*Source records*
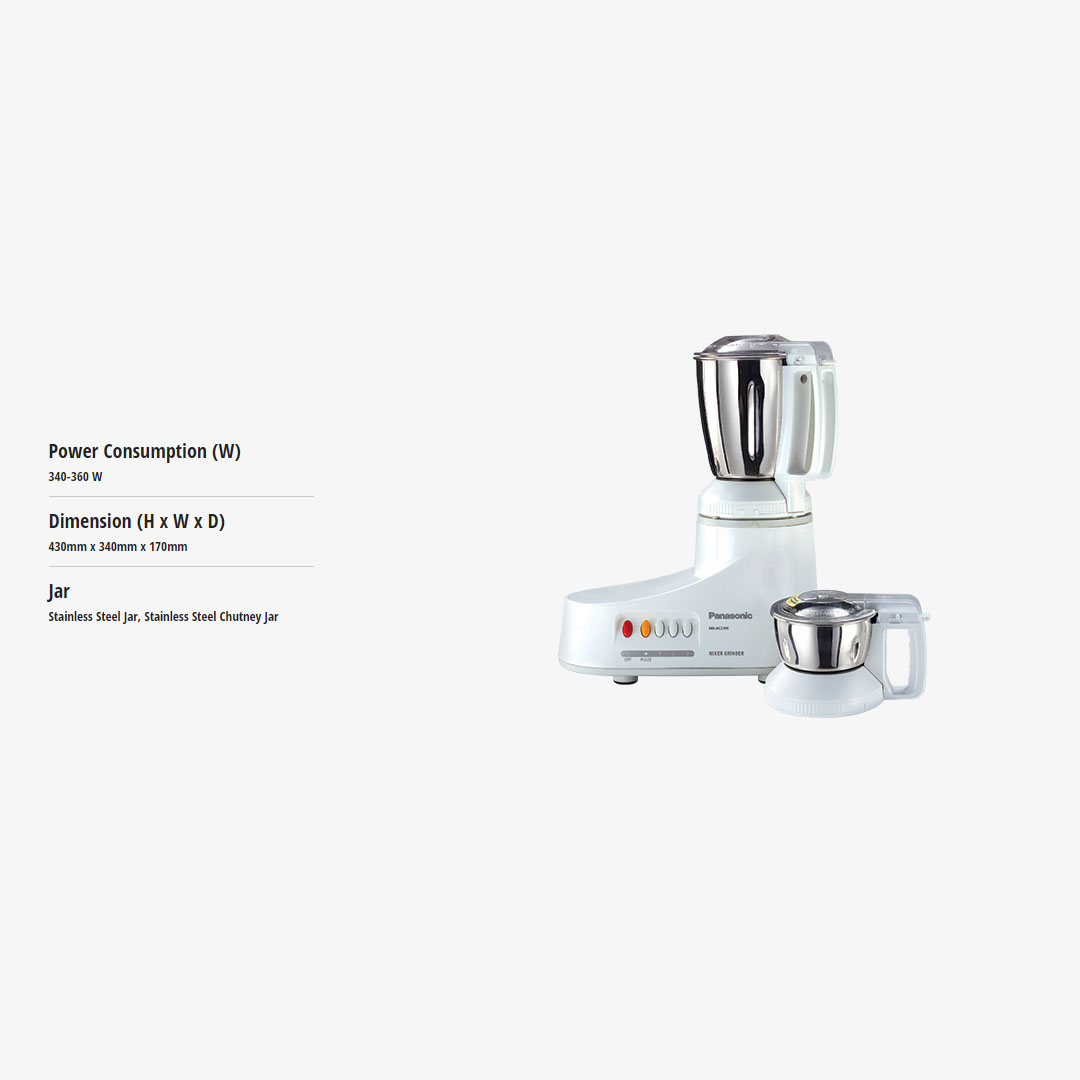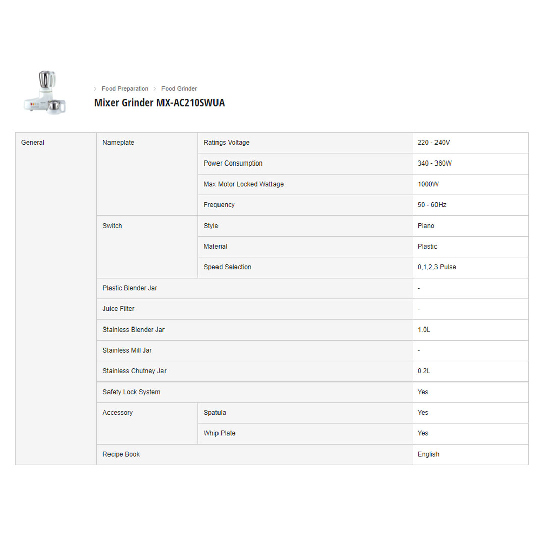 Panasonic 1.0L Mixer Grinder MX-AC210SWUA | Ultra Safe | Easy to Use | Safety Lock System | Grinders with 1 Year Warranty
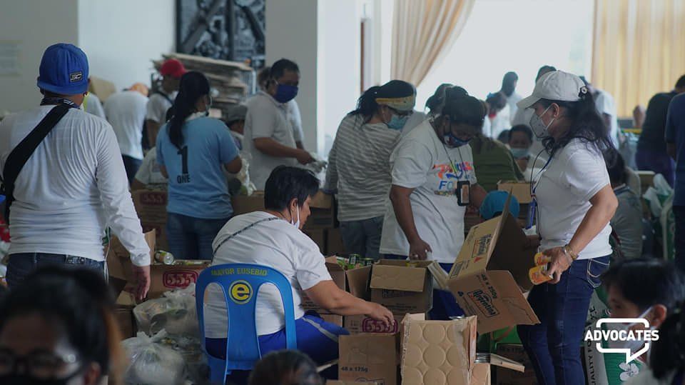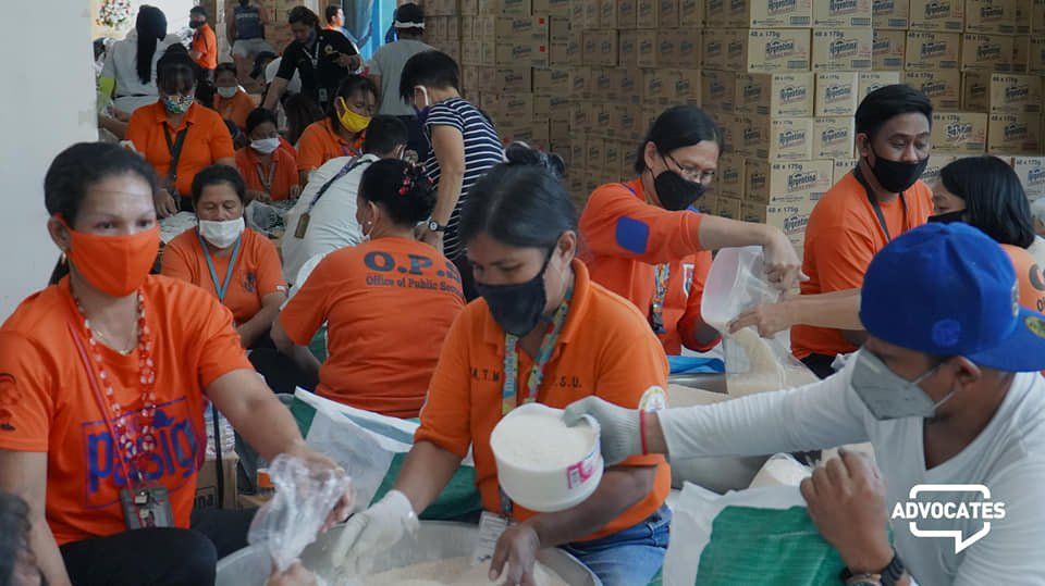 LOOK: Pasig City Hall employees working 24/7 to pack relief goods for distribution to the city’s residents
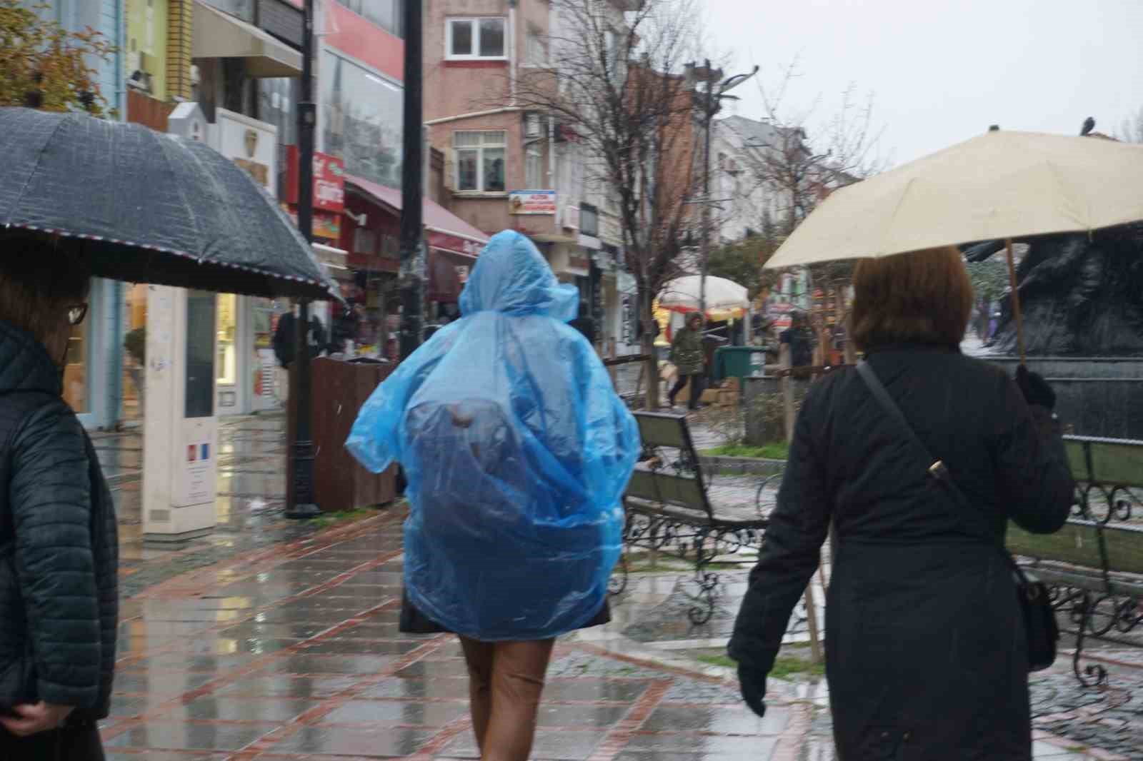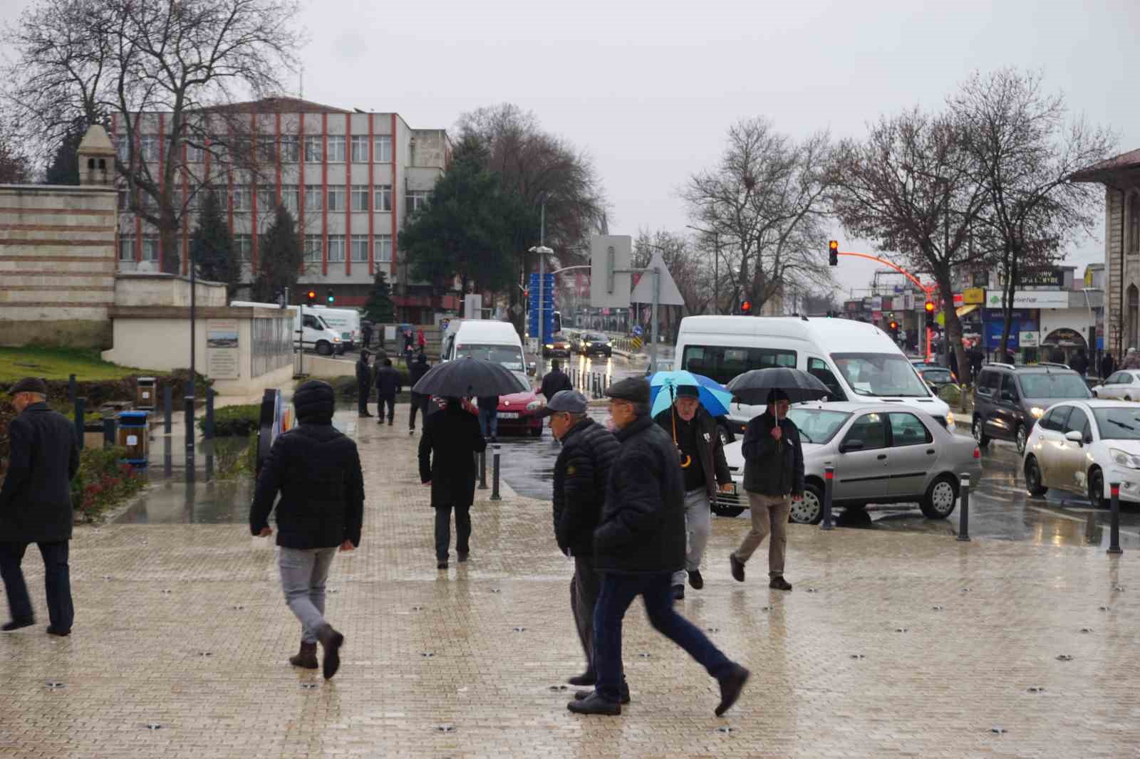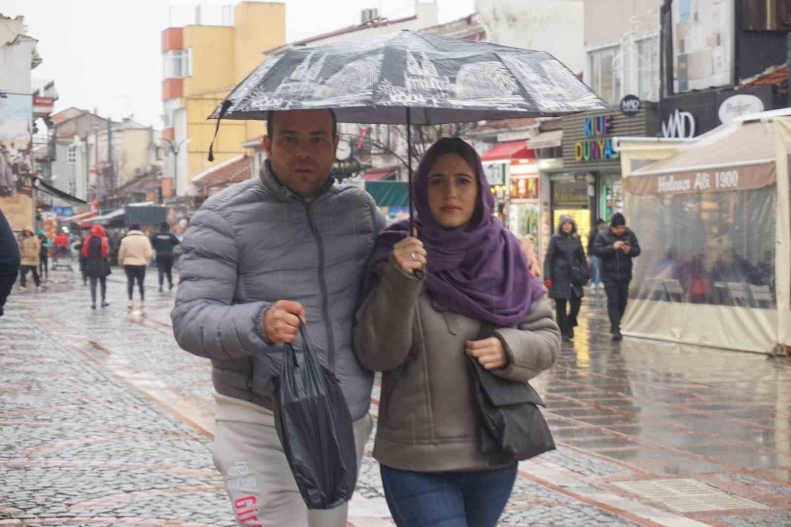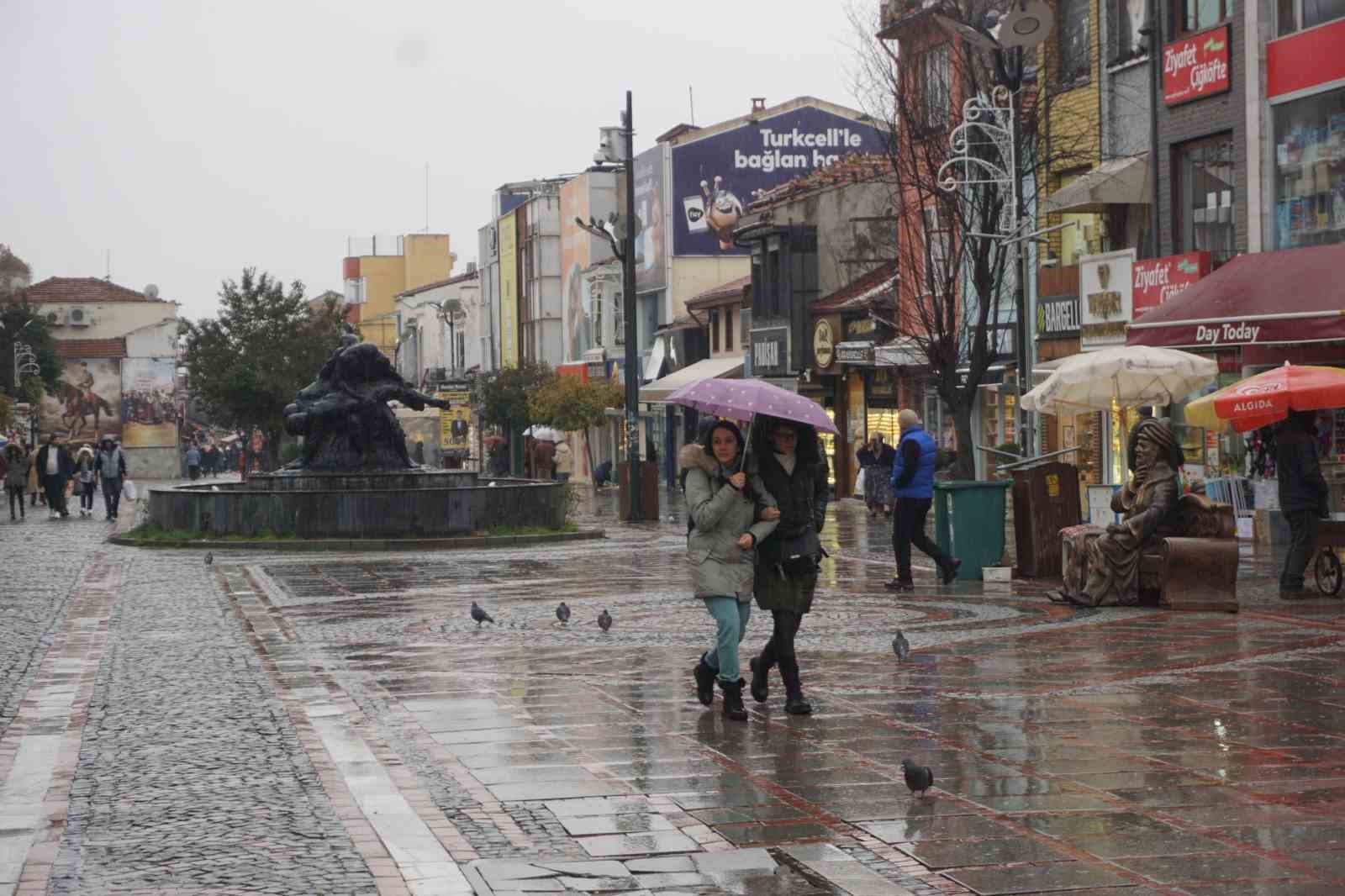 Edirne’de öğle saatlerinde başlayan sağanak hayatı olumsuz etkiledi.
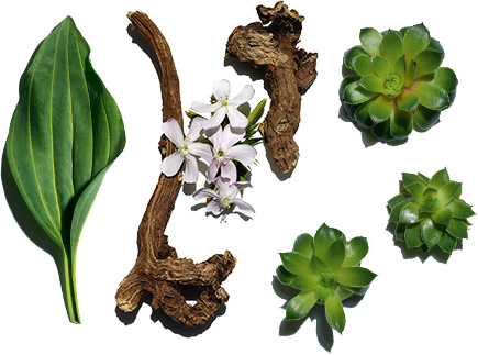 6 biologische Pflanzenextrakte kommen von Pflanzen, die auf der Domaine Clarins angebaut werden
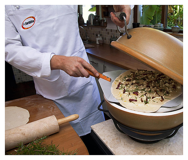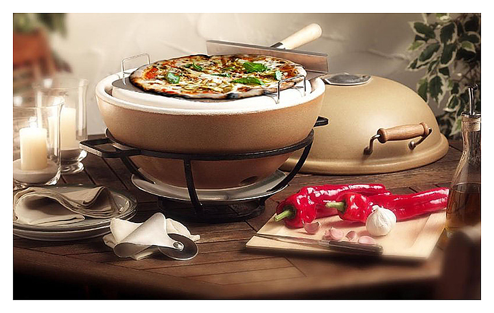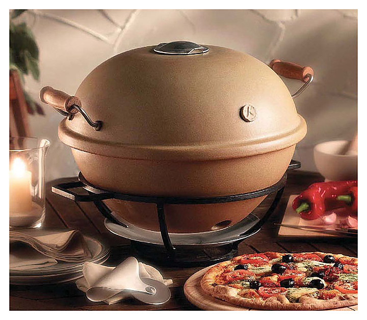 Керамическая пицца-печь Earthfire Pizza Oven была разработана для того, чтобы сделать настоящую пиццу на древесных углях с вкусной хрустящей основой в вашем собственном доме, на веранде или на природе! Но это не значит, что она не универсальная, она раскроет для вас многие другие возможности. Керамическая Пицца-печь Earthfire Pizza Oven легко превращается в гриль для приготовления мяса, запеченных овощей, нежной рыбы и морских деликатесов на углях, цыпленка с хрустящей корочкой, томлёных блюд в горшочках и многого, многого другого. Керамическая Пицца-печь Earthfire Pizza Oven — неоценимый и оригинальный подарок для любителей отдыха на свежем воздухе. Используя решетку из нержавеющей стали, расположив её на пицца-камне или непосредственно над углями, вы можете жарить и запекать, готовить рыбные и мясные блюда, овощи и птицу. Используя керамическую или другую жаростойкую посуду, вы значительно разнообразите рецептуру ваших блюд, приготовленных на Earthfire Pizza Oven. Универсальная Earthfire Pizza Oven изготовлена вручную из уникального керамического материала с применением технологии NillTherm, чтобы вы могли сделать лучшую домашнюю пиццу. Earthfire Pizza Oven готовит новую, диаметром более 30 см, пиццу каждые 3–4 минуты так, что вам будет легко угощать многочисленную компанию ваших друзей без долго ожидания следующего ломтика. Бесконечная вереница всё новой и новой пиццы превратит дружескую встречу в незабываемый праздник! Домашняя керамическая печь Earthfire Pizza Oven обладает всеми характеристиками обычной дровяной печи, но экономит не менее чем половину стоимости. Время прогрева составляет всего 30 минут, а не более двух часов, как в обычной печи. Earthfire Pizza Oven поддерживает температуру 350 °С в течение нескольких часов на одной растопке. Керамическая печь Earthfire Pizza Oven благодаря конструктивным особенностям и уникальной керамике удерживает влагу настолько хорошо, что продукты не подвергаются ужарке и весь сок продуктов остаётся внутри. Пицца, приготовленная в Earthfire Pizza Oven, насыщена уникальным запахом дровяной печи, сохраняет и обогащает вкус начинки, и всё это на вкуснейшей хрустящей основе. Комплектация и аксессуары
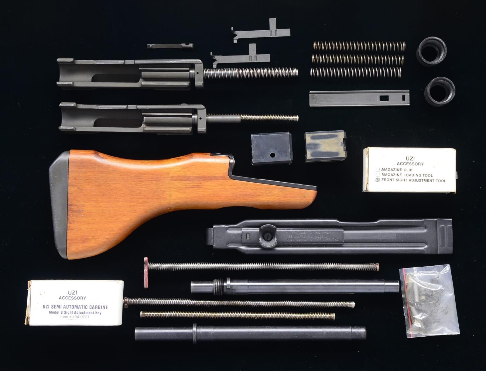 Several parts & accessories for Uzi SMG & Carbine models, including: 2 bbls., 1-9 1/4" w/ threaded muzzle, the other 1-10 1/4" w/ out threaded muzzle. 1 Wooden stock of unknown origin. / Uzi Action Arms front sight adj. tool in box. / Action Arms sight adj. key in box. / 2 Model B bbl. nuts. / 1 Semi auto top cover. / 2 SMG recoil springs. / 2 Semi auto bolt assemblies that appear to be complete w/ all pins & springs except for 1 extractor retaining pin. / Multiple spare springs & top cover parts. All parts & accessories appear to have been used very little, if any at all. Stock has few light impressions & handling marks. (02-13777-5/JZ). NONGUN. $500-800.
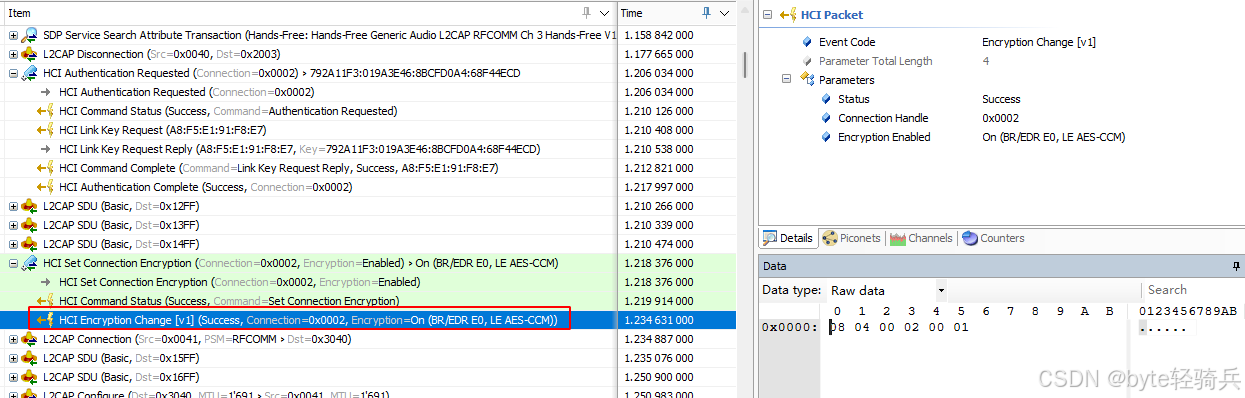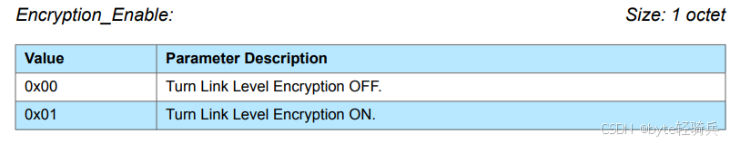 0x00:关闭链路层加密。表示在该连接上不会使用加密来保护传输的数据。0x01:启用链路层加密。表示在该连接上将使用加密来保护传输的数据,从而增加通信的安全性。请注意,启用加密通常要求两个蓝牙设备已经完成了配对过程,并且已经交换了必要的加密密钥。如果设备尚未配对,或者加密密钥不可用,尝试启用加密可能会导致连接失败或加密无法正确应用。
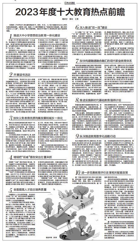 在向第二个百年奋斗目标进军的征程中,教育、科技、人才是全面建设社会主义现代化国家的基础性、战略性支撑,党的二十大报告明确要求“实施科教兴国战略,强化现代化建设人才支撑”。依据这一基本政策导向,我们对今年的十大教育热点作出如下前瞻性预测。
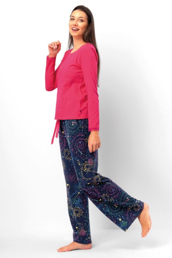 Ta piżama damska to idealne połączenie komfortu, funkcjonalności i energetycznego wyglądu. Górna część w intensywnym, różowym kolorze ma długi rękaw, subtelne zdobienia na mankietach i delikatny nadruk na przodzie, dodający całości uroku. Spodnie z miękkiej, przyjemnej w dotyku tkaniny w granatowej tonacji ozdobiono fantazyjnym, kolorowym wzorem przypominającym rozgwieżdżone niebo lub abstrakcyjne spirale. Luźny krój i elastyczny pas gwarantują pełną swobodę ruchów i wygodę podczas snu. To doskonały wybór dla kobiet, które chcą czuć się stylowo i komfortowo w domowych warunkach.
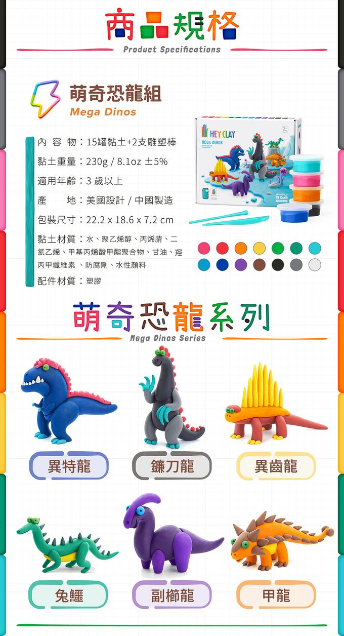 品名:智塑輕黏土-萌奇恐龍組(15罐黏土+2隻雕塑棒)

*Exercise goal*
Give back the entries verbatim. Do not include any picture.

*The answer*
 Panasonic 1.0L Mixer Grinder MX-AC210SWUA | Ultra Safe | Easy to Use | Safety Lock System | Grinders with 1 Year Warranty
 LOOK: Pasig City Hall employees working 24/7 to pack relief goods for distribution to the city’s residents
 Edirne’de öğle saatlerinde başlayan sağanak hayatı olumsuz etkiledi.
 6 biologische Pflanzenextrakte kommen von Pflanzen, die auf der Domaine Clarins angebaut werden
 Керамическая пицца-печь Earthfire Pizza Oven была разработана для того, чтобы сделать настоящую пиццу на древесных углях с вкусной хрустящей основой в вашем собственном доме, на веранде или на природе! Но это не значит, что она не универсальная, она раскроет для вас многие другие возможности. Керамическая Пицца-печь Earthfire Pizza Oven легко превращается в гриль для приготовления мяса, запеченных овощей, нежной рыбы и морских деликатесов на углях, цыпленка с хрустящей корочкой, томлёных блюд в горшочках и многого, многого другого. Керамическая Пицца-печь Earthfire Pizza Oven — неоценимый и оригинальный подарок для любителей отдыха на свежем воздухе. Используя решетку из нержавеющей стали, расположив её на пицца-камне или непосредственно над углями, вы можете жарить и запекать, готовить рыбные и мясные блюда, овощи и птицу. Используя керамическую или другую жаростойкую посуду, вы значительно разнообразите рецептуру ваших блюд, приготовленных на Earthfire Pizza Oven. Универсальная Earthfire Pizza Oven изготовлена вручную из уникального керамического материала с применением технологии NillTherm, чтобы вы могли сделать лучшую домашнюю пиццу. Earthfire Pizza Oven готовит новую, диаметром более 30 см, пиццу каждые 3–4 минуты так, что вам будет легко угощать многочисленную компанию ваших друзей без долго ожидания следующего ломтика. Бесконечная вереница всё новой и новой пиццы превратит дружескую встречу в незабываемый праздник! Домашняя керамическая печь Earthfire Pizza Oven обладает всеми характеристиками обычной дровяной печи, но экономит не менее чем половину стоимости. Время прогрева составляет всего 30 минут, а не более двух часов, как в обычной печи. Earthfire Pizza Oven поддерживает температуру 350 °С в течение нескольких часов на одной растопке. Керамическая печь Earthfire Pizza Oven благодаря конструктивным особенностям и уникальной керамике удерживает влагу настолько хорошо, что продукты не подвергаются ужарке и весь сок продуктов остаётся внутри. Пицца, приготовленная в Earthfire Pizza Oven, насыщена уникальным запахом дровяной печи, сохраняет и обогащает вкус начинки, и всё это на вкуснейшей хрустящей основе. Комплектация и аксессуары
 Several parts & accessories for Uzi SMG & Carbine models, including: 2 bbls., 1-9 1/4" w/ threaded muzzle, the other 1-10 1/4" w/ out threaded muzzle. 1 Wooden stock of unknown origin. / Uzi Action Arms front sight adj. tool in box. / Action Arms sight adj. key in box. / 2 Model B bbl. nuts. / 1 Semi auto top cover. / 2 SMG recoil springs. / 2 Semi auto bolt assemblies that appear to be complete w/ all pins & springs except for 1 extractor retaining pin. / Multiple spare springs & top cover parts. All parts & accessories appear to have been used very little, if any at all. Stock has few light impressions & handling marks. (02-13777-5/JZ). NONGUN. $500-800.
 0x00:关闭链路层加密。表示在该连接上不会使用加密来保护传输的数据。0x01:启用链路层加密。表示在该连接上将使用加密来保护传输的数据,从而增加通信的安全性。请注意,启用加密通常要求两个蓝牙设备已经完成了配对过程,并且已经交换了必要的加密密钥。如果设备尚未配对,或者加密密钥不可用,尝试启用加密可能会导致连接失败或加密无法正确应用。
 在向第二个百年奋斗目标进军的征程中,教育、科技、人才是全面建设社会主义现代化国家的基础性、战略性支撑,党的二十大报告明确要求“实施科教兴国战略,强化现代化建设人才支撑”。依据这一基本政策导向,我们对今年的十大教育热点作出如下前瞻性预测。
 Ta piżama damska to idealne połączenie komfortu, funkcjonalności i energetycznego wyglądu. Górna część w intensywnym, różowym kolorze ma długi rękaw, subtelne zdobienia na mankietach i delikatny nadruk na przodzie, dodający całości uroku. Spodnie z miękkiej, przyjemnej w dotyku tkaniny w granatowej tonacji ozdobiono fantazyjnym, kolorowym wzorem przypominającym rozgwieżdżone niebo lub abstrakcyjne spirale. Luźny krój i elastyczny pas gwarantują pełną swobodę ruchów i wygodę podczas snu. To doskonały wybór dla kobiet, które chcą czuć się stylowo i komfortowo w domowych warunkach.
 品名:智塑輕黏土-萌奇恐龍組(15罐黏土+2隻雕塑棒)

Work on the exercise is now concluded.